Requirement —
Going line by line through the records below, write out everything starting with the line containing "This paper introduces" and going on through the line containing "操作技能大赛决赛在医院临床技", exactly and inclusively. Pictures do not go in.

Input material —
++++
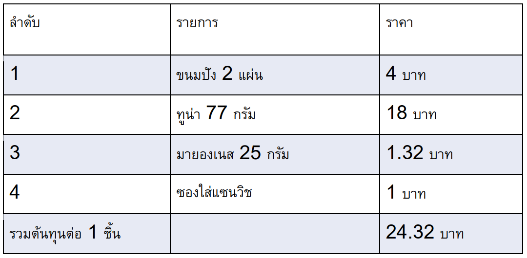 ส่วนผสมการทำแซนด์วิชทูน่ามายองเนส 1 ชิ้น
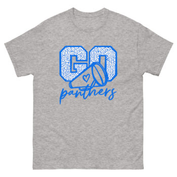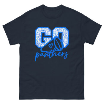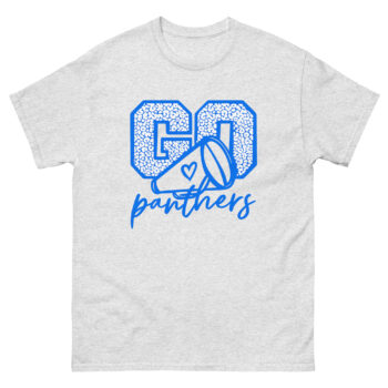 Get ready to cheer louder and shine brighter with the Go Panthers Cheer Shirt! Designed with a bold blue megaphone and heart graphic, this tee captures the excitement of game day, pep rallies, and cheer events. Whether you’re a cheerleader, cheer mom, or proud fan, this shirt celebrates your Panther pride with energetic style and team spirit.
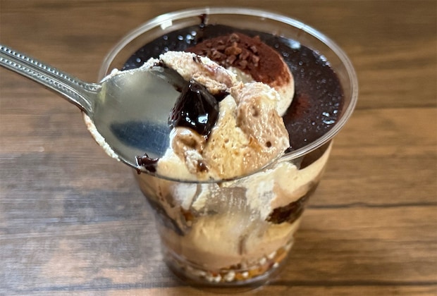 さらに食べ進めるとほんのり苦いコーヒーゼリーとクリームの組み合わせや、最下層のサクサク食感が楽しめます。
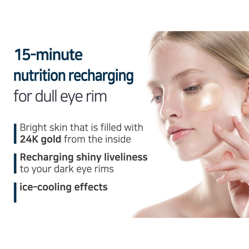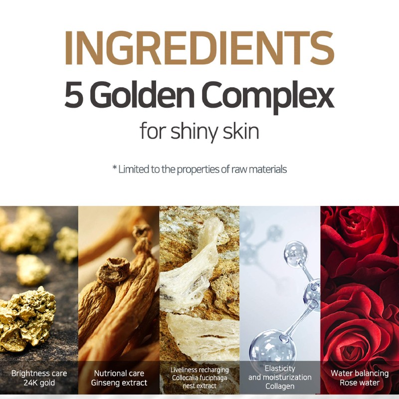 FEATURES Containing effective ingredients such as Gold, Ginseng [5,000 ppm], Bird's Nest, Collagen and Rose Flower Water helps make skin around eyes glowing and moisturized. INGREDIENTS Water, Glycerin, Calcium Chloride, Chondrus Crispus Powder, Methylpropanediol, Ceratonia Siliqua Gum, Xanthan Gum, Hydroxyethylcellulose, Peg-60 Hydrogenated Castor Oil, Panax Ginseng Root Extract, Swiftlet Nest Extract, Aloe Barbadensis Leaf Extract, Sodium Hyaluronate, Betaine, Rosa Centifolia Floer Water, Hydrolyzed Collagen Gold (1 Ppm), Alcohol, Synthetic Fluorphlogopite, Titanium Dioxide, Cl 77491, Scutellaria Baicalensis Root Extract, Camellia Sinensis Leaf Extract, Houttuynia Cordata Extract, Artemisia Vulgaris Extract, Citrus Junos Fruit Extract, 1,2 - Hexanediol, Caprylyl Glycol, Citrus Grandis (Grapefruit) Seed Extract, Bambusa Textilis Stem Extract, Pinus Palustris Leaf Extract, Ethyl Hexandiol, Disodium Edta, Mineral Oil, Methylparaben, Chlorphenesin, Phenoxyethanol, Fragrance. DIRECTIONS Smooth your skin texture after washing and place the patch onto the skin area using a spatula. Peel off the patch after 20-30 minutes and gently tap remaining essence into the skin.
++++
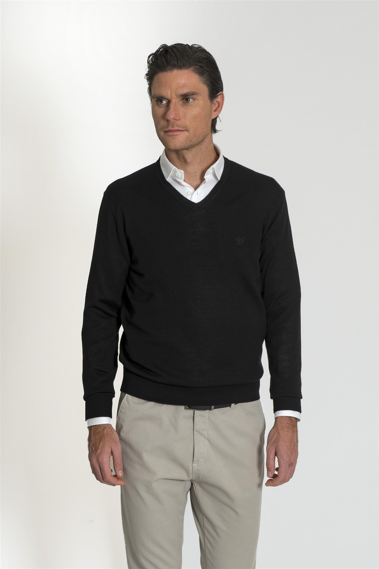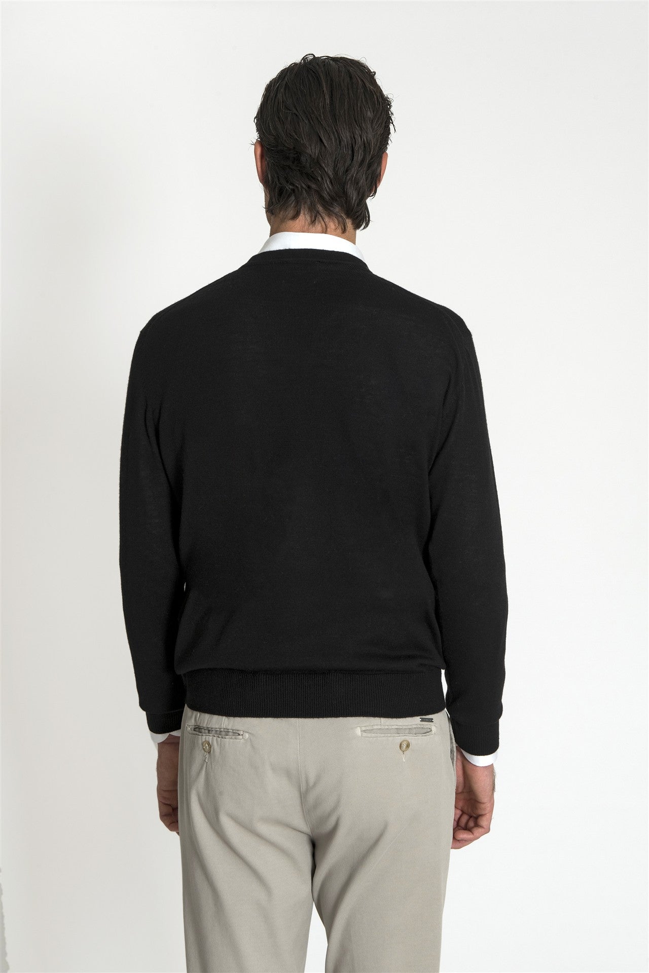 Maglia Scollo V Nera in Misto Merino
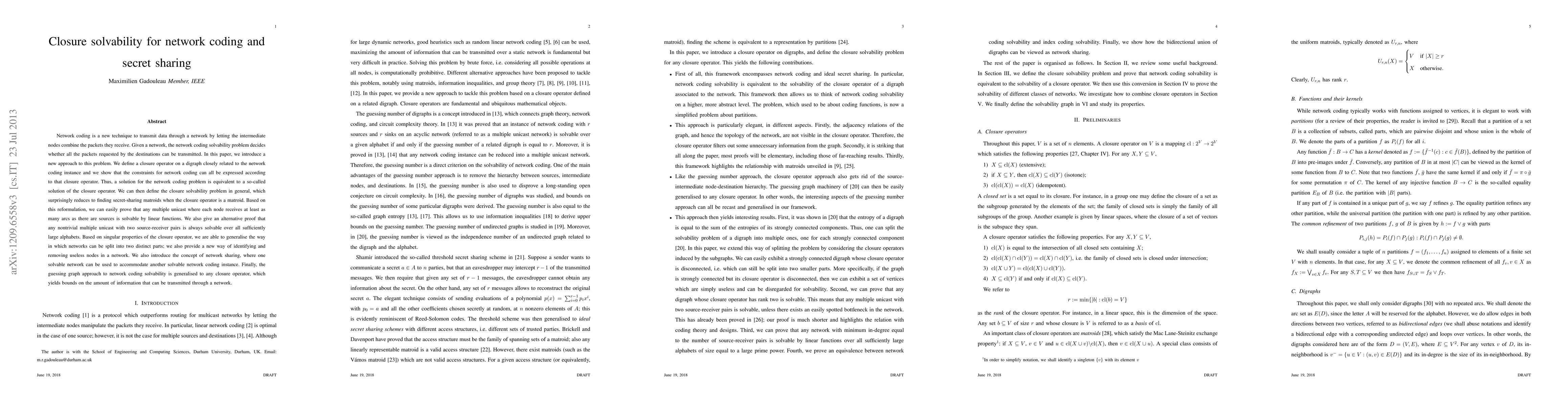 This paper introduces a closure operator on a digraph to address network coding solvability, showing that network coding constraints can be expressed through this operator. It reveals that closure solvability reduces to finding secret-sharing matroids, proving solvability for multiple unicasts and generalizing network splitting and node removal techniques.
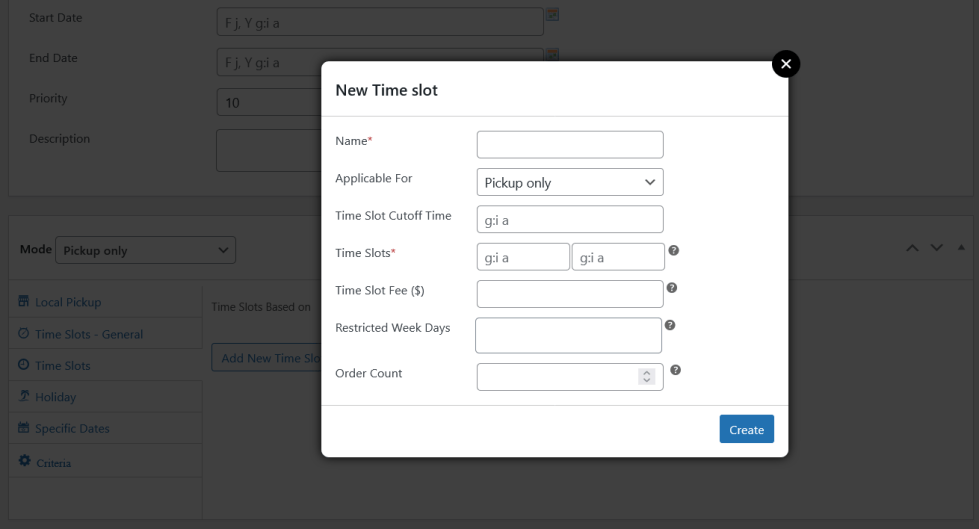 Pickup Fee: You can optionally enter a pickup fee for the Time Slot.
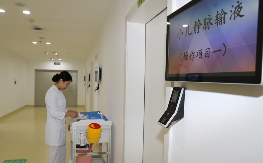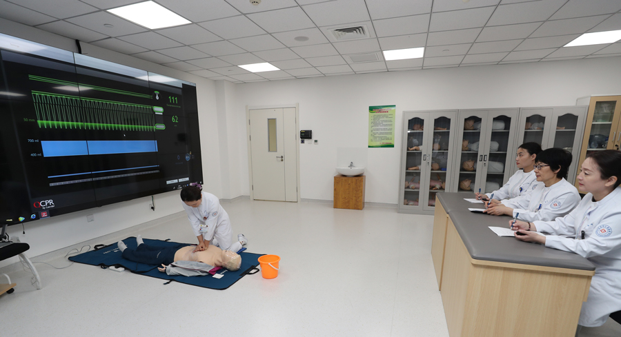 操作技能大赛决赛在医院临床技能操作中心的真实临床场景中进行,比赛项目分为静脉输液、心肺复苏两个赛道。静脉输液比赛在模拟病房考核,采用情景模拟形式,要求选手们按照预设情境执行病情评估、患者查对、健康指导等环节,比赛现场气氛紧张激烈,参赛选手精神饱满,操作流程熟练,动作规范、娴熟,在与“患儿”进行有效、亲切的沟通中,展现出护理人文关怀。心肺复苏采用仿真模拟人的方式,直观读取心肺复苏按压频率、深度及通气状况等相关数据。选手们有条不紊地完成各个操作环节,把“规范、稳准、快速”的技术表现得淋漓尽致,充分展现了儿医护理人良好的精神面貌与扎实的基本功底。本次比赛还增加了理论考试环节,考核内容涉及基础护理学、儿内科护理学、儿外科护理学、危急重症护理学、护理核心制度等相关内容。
++++
Your response —
 This paper introduces a closure operator on a digraph to address network coding solvability, showing that network coding constraints can be expressed through this operator. It reveals that closure solvability reduces to finding secret-sharing matroids, proving solvability for multiple unicasts and generalizing network splitting and node removal techniques.
 Pickup Fee: You can optionally enter a pickup fee for the Time Slot.
 操作技能大赛决赛在医院临床技能操作中心的真实临床场景中进行,比赛项目分为静脉输液、心肺复苏两个赛道。静脉输液比赛在模拟病房考核,采用情景模拟形式,要求选手们按照预设情境执行病情评估、患者查对、健康指导等环节,比赛现场气氛紧张激烈,参赛选手精神饱满,操作流程熟练,动作规范、娴熟,在与“患儿”进行有效、亲切的沟通中,展现出护理人文关怀。心肺复苏采用仿真模拟人的方式,直观读取心肺复苏按压频率、深度及通气状况等相关数据。选手们有条不紊地完成各个操作环节,把“规范、稳准、快速”的技术表现得淋漓尽致,充分展现了儿医护理人良好的精神面貌与扎实的基本功底。本次比赛还增加了理论考试环节,考核内容涉及基础护理学、儿内科护理学、儿外科护理学、危急重症护理学、护理核心制度等相关内容。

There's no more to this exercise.